Après une convocation le 2 janvier 2007 à un entretien préalable en vue de son licenciement, [Z] [XZ] a reçu notification le12 janvier 2007 d'une mise à pied de 5 jours pour insubordination manifeste, non respect chronique de la hiérarchie et mise en péril volontaire des intérêts de la société et de l'ensemble des salariés. La société CL MEDICAL, au titre des deux premiers motifs, argue d'un retard non motivé de 25 minutes au rendez-vous d'entretien d'évaluation annuelle, d'un refus de recevoir un courrier de convocation contre récépissé et d'un dénigrement systématique de ses collègues. Si le retard n'est pas contesté, son importance l'est, [Z] [XZ] affirmant être arrivée à 16h10 au lieu de 16h. Aucun élément ne vient confirmer les dires de l'un ou l'autre. Le refus, au cours d'un congrès, d'accepter une convocation à un entretien contre récépissé ne peut s'analyser comme un acte d'insubordination manifeste alors surtout que cette demande suit une entrevue où il a été soumis à la salariée une modification de son secteur d'activité et que les parties sont en discussion voire en opposition sur ce point. Les propos de dénigrement par ailleurs invoqués ne sont pas étayés.
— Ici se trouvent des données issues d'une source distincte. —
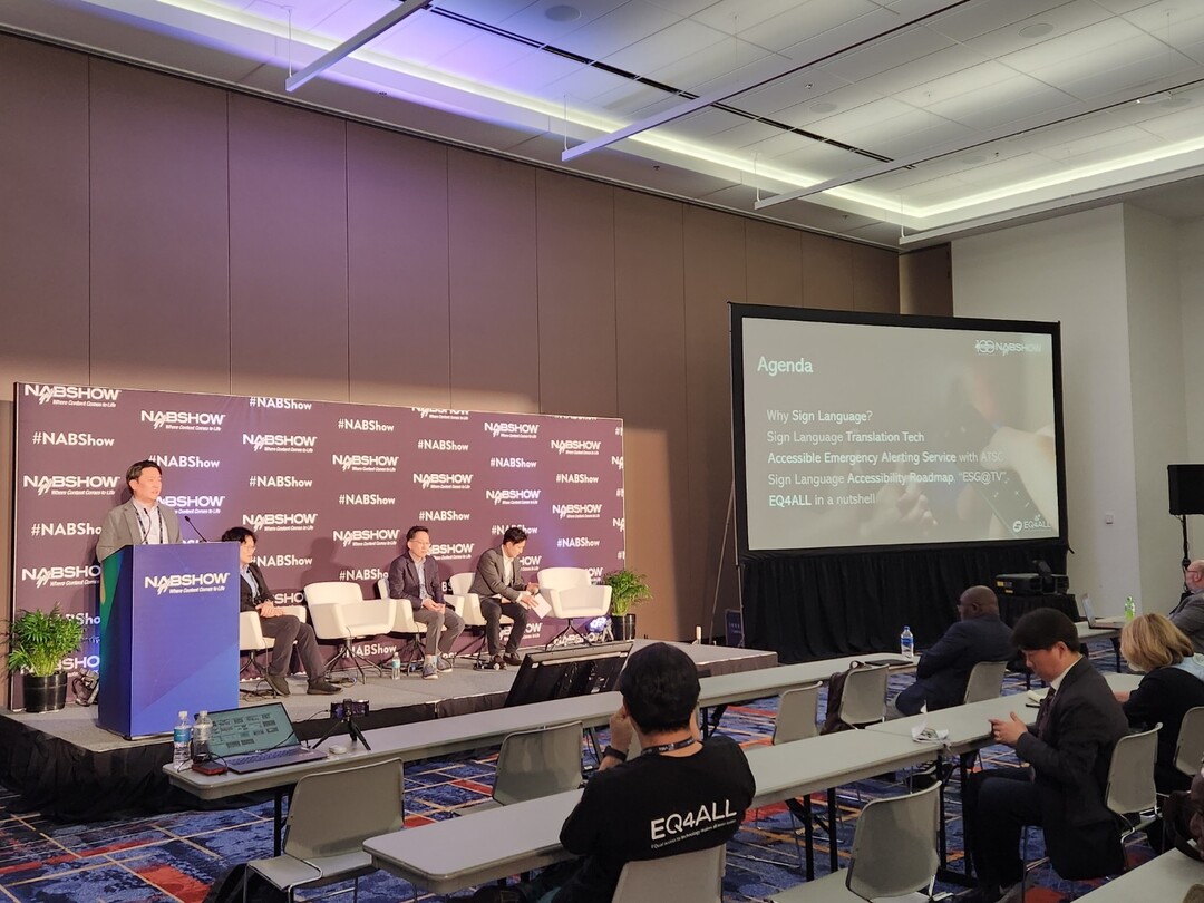 | NAB 2023행사에서 ATSC 3.0 기반 재난 정보 아바타 수어 서비스에 대해 발표하는 모습. [사진=이큐포올] |

Le dernier grief est relatif à une contravention d'excès de vitesse avec le véhicule de la société. Il n'est pas contesté que [Z] [XZ] a prêté le véhicule mis à sa disposition à titre professionnel à un autre salarié de la société lequel, le 20 mai 2006, a été contrôlé par radar à une vitesse de 190 kilomètres/heure pour une vitesse limitée à 130. [Z] [XZ] indique en avoir informé la société CL MEDICAL mais sans en justifier puisque, au reçu du compte rendu d'infraction le 2 août 2006, la société CL MEDICAL a demandé au peloton d'autoroute de [Localité 6] de lui transmettre le cliché du véhicule afin qu'il puisse adresser la contravention à la personne concernée et leur communiquer les coordonnées du conducteur.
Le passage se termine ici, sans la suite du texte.